I suspect no, because there is no mismatch between there being no content length header found by this file and the content header later being discovered by some other part of the code. It'll probably require more digging but I don't think FF would crash if the header was missing, this was likely caused by the header existing but this part disagreeing about it.

Plenty of servers out there configured not to return /Content-Length:\s?(\d+)/i at all. I mostly stumble upon them in my video plugin. m3u8 (content-type: application/vnd.apple.mpegurl) resources seem to be particularly configured this way most of the time.

Note that this code is parsing the client’s requests, not the server’s responses.

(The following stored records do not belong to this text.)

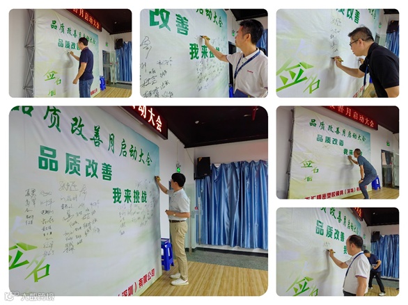 各参会人员在“品质改善签名墙”签下自己的名字,并签署《品质承诺书》,郑重承诺严格执行公司制定的质量保证措施;强化内部质量管理意识,全员贯彻“谁制造谁负责”、“谁管理谁负责”和“过手有责”的原则,加强员工质量培训,持续提高员工技能水平,这是一种仪式,是一种纪念,更是一种责任与担当!
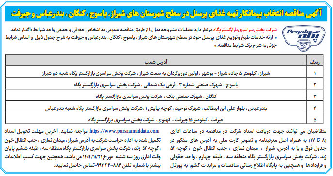 (8 تا 17) به همراه اصل معرفینامه و تصویر کارت ملی به آدرس های مذکور در جدول فوق و یا به آدرس: شیراز ، میدان نمازی ، جنب انتقال خون ، کوچه 52 زند ، شرکت پخش سراسری بازارگستر پگاه منطقه سه ، طبقه چهارم ، واحد حقوقی و قراردادها و همچنین به پایگاه اطلاع رسانی مناقصات و مزایدات کشور به پورتال https://www.parsnamaddata.com مراجعه نمایند. آخرین مهلت تحویل اسناد تکمیل شده به اداره حراست شرکت به آدرس شیراز ، میدان نمازی ، جنب انتقال خون ، کوچه 52 زند ، شرکت پخش سراسری بازارگستر پگاه منطقه سه ، طبقه ششم پایان وقت اداری روز سه شنبه مورخ 21/11/1404 می باشد. همچنین جهت کسب اطلاعات بیشتر با شماره تلفن 09932400884 تماس حاصل نمایید.
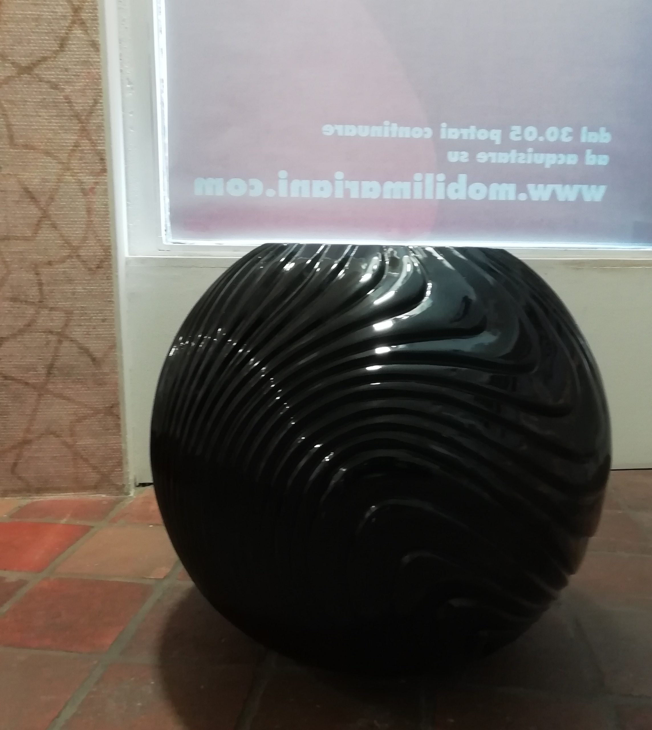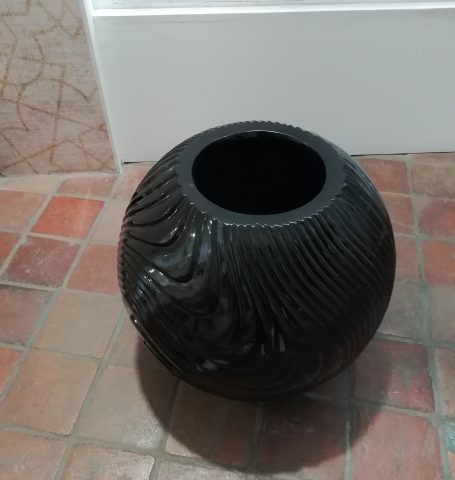 Questo vaso in fiberglass nero lucido unisce eleganza e carattere grazie alla sua forma sferica (Ø 50 x H 45 cm) e alla superficie lavorata con raffinati motivi ondulati. Perfetto per ambienti moderni, sia interni che esterni, è leggero, resistente e capace di valorizzare ogni spazio con un tocco di stile contemporaneo.
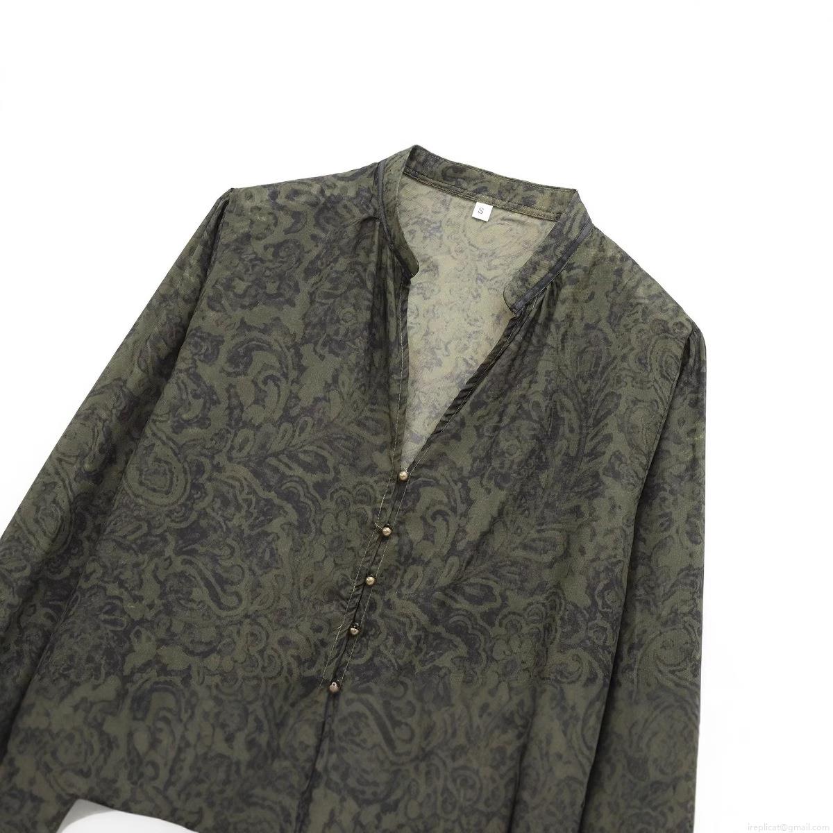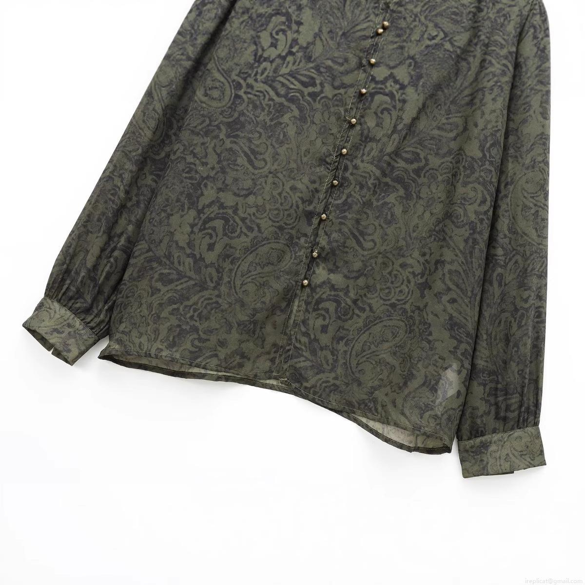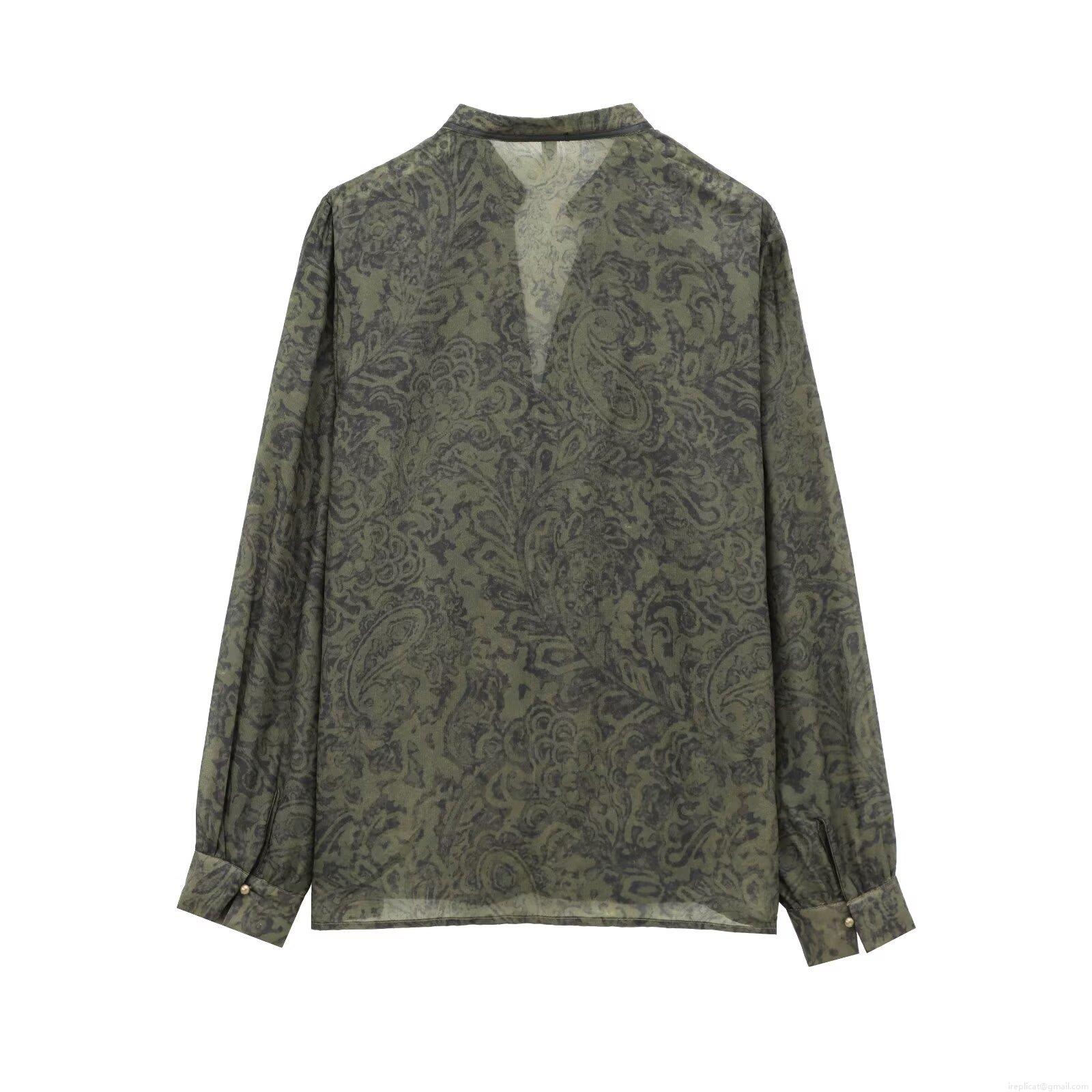 • Vintage Paisley Print Long Sleeve Chiffon Blouse Women's Button Down Shirt With Velvet Trim Olive Green Elegant Office Daily Party Top
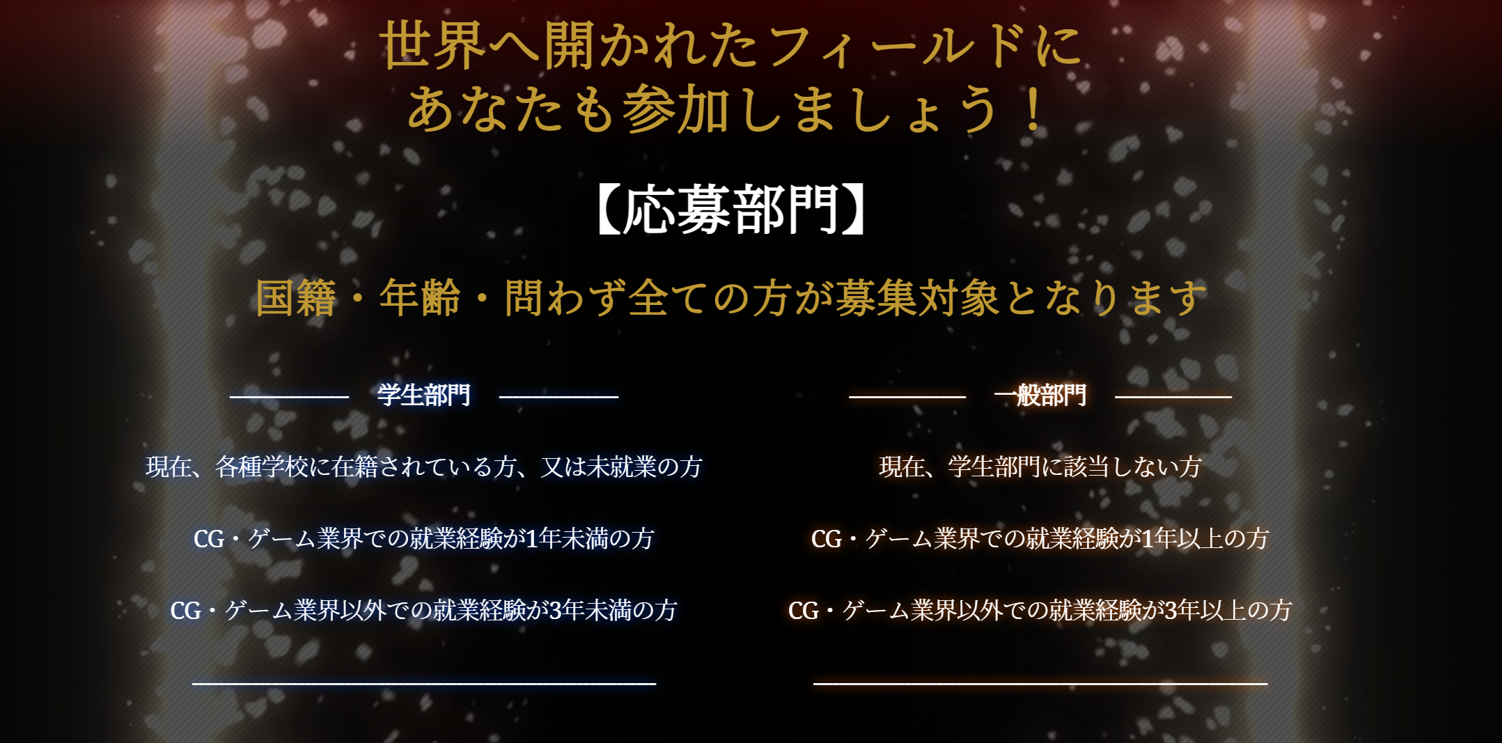 【学生】、及び【一般】のそれぞれの部門で作品を募集し、世界中のアーティストたちがVFXの表現を競い合う、ワールドワイドなコンテストとなります。
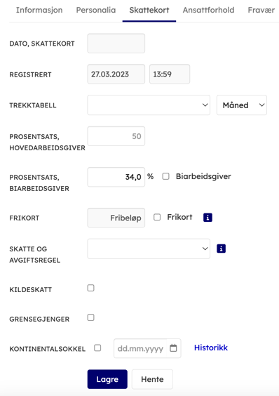 - Fyll inn nødvendig informasjon under Personalia. Dette er en oversikt over opplysninger registrert på den ansatte.
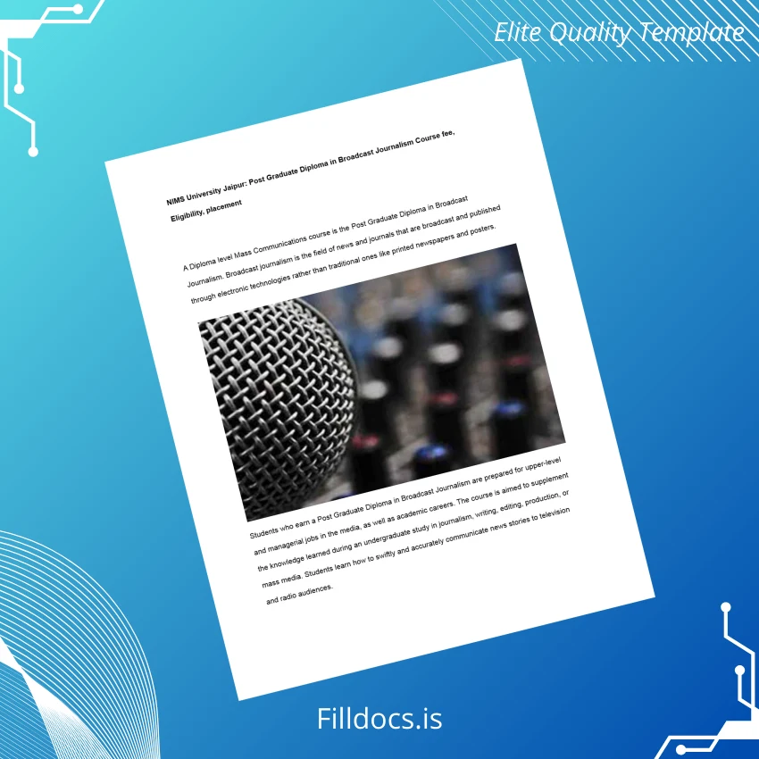 Fillable India NIMS University Post Graduate Diploma in Broadcast Journalism Template – Word/PDF. Easily customize and print your professional diploma with editable fields.
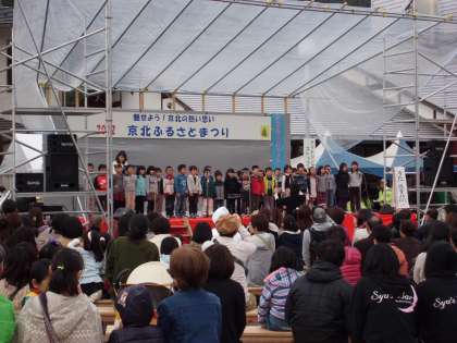 11月3日(土)に京北ふるさとまつりが行われました。会場は朝から大勢の人でにぎわいました。本校では,「まちの音楽隊」や「U−Kids」として出演した児童もいました。また,来年の4月から小学生になる保育所の子どもたちが元気でかわいい歌声を聞かせてくれました。
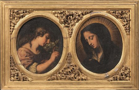 coppia di dipinti ad olio su tela ovali, cm 32x26,5 ciascuno, in un'unica cornice intagliata e dorata cm 39,5x65
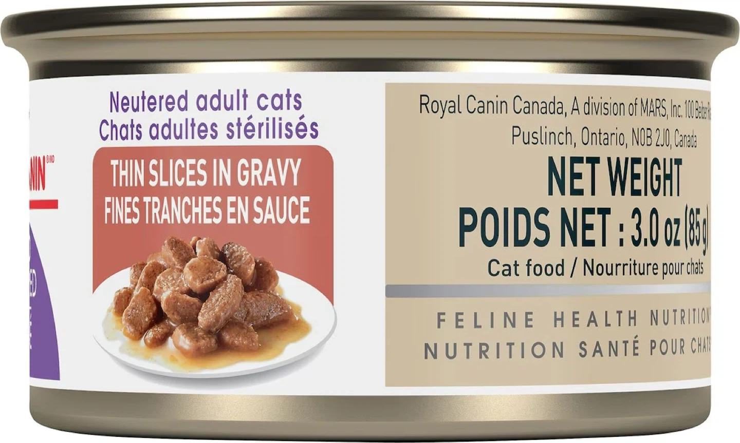 Royal Canin Feline Health Nutrition for spayed and neutered adult cats. Features thin slices in gravy. Net weight is 3.0 oz (85 g). 48 cans available.
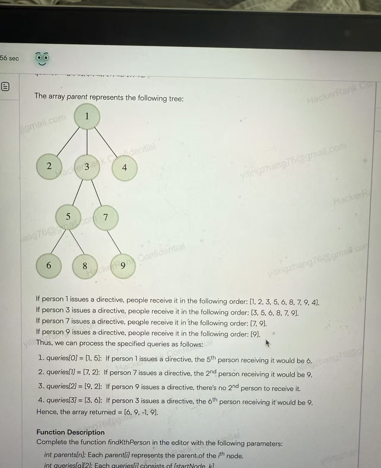 Construct a tree structure of "node-direct child nodes" based on the parent array, and sort the child nodes of each node in ascending order of indices. Use DFS to preprocess the total number of nodes in the subtree of each node and the subtree traversal sequence (traversed in the order of child nodes). When processing queries, first determine whether k exceeds the subtree size; if valid, directly retrieve the k-th node from the preprocessed sequence, otherwise return -1.

Is this the bug that's causing firefox to hang as of recently? https://news.ycombinator.com/item?id=29918052

[edited, link was to this same discussion]

Welp, yes thanks. Edited.

Seems so. It made Firefox crashloop as well.

Wow, this sounds like a lot I avoided by having QUIC blocked at the network level.

Smart person. I wished I had had that foresight. Would have saved me a couple of hours.

Interesting, was wondering why it was doing that recently. Seems when I try to use some extensions it triggers for me

>/* aIgnoreCase = */ true

Very interesting, is that comment inserted automatically by an IDE?

A nice way to tell what the random bool parameter does, without having to declare a variable with ignoreCase=true first and pass in to self-document. But at least JetBrains IDEs show inline the parameter names, and multiple languages have named parameters, which for booleans at least is a nice thing.

This is a great reason why programming languages should support named arguments.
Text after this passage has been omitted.